Every time he did something for me, he went out of his way to make it feel like it wasn’t an imposition. That it wasn’t strictly for me. That it was just something he was doing and would do for anybody. But he wasn’t bringing Violet iced tea while she did her homework. He wasn’t buying cookies for her. Sure, he’d bring Dawson a beer if they both happened to be at home in front of the TV, but the things he did for me seemed… more.

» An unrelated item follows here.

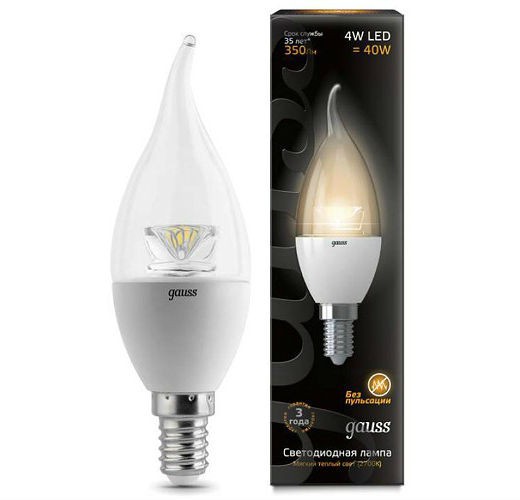 Свечеобразная светодиодная лампа Gauss 3Вт – это миниатюрная труженица с большой светоотдачей. Замена 40-ватным лампам накаливания дает световой поток в 350Люмен – сокращение затрат и поддержания стабильного света без мигания. Светодиоды загораются сразу, не требуют прогревов, не перегреваются, благодаря конструкции радиатора из пластика и алюминия. Трехватная лампа способна работать без перерывов и на протяжении 35 тыс. часов, излучая свет с цветовой температурой 2700К – мягкий, теплый и соответствующий пламени. Колба, выполненная с характерным завитком, имитирует живое пламя для хрустальных люстр – практичная красота для приборов с цоколями E14.

Or maybe I just wanted them to be. I bounced between his kiss meaning everything and his kiss meaning nothing. Whenever my stupid heart landed on it being more, I reminded myself he wasn’t staying. That I wasn’t leaving. That we’d signed a contract which we should stick to. We were friends, just like he said, and that was a rare enough commodity in my life that I shouldn’t look for more out of it than what it simply was. Friendship.

I told myself that, but my body and soul knew I lied.

I was still trying to tell myself the same thing as he drove the next day to Cheshire Correctional Institution. I’d said I’d drive, but he’d just given me a look, and I’d caved, when even three weeks ago, I would have argued until I’d frustrated both of us. But the truth was, I wasn’t sure I would have been able to drive anyway, because the stress of the trip had my insides curled up into a tight fist that wouldn’t relax, no matter the stretches or breathing techniques I used.

I’d felt some relief from the pain in the last few days. It had taken me overcoming a whole host of inhibitions to use the pelvic wand the physical therapist gave me, but I was using it. Between those internal stretches, the yoga-type stretches, the progesterone IUD, and the pain meds, there were a lot of days where the ache was just at the back of my brain as a vague reminder it was there instead of the all-intensive stabbing sensation requiring more energy than I had. It allowed me to not dwell on thoughts of what the adenomyosis meant for my future, and children, and cancer. The small relief was welcome.

Once we arrived at the jail, we signed in and were asked a host of questions about our travel and our health before going past the metal detectors to where a guard led us to a visitation room. We sat down, and I didn’t realize I was twisting my ring around my thumb until Travis put his hands over mine. “Just remember, we can leave at any time. But maybe we should have a safe word in case you want to go but feel like you can’t just say it.”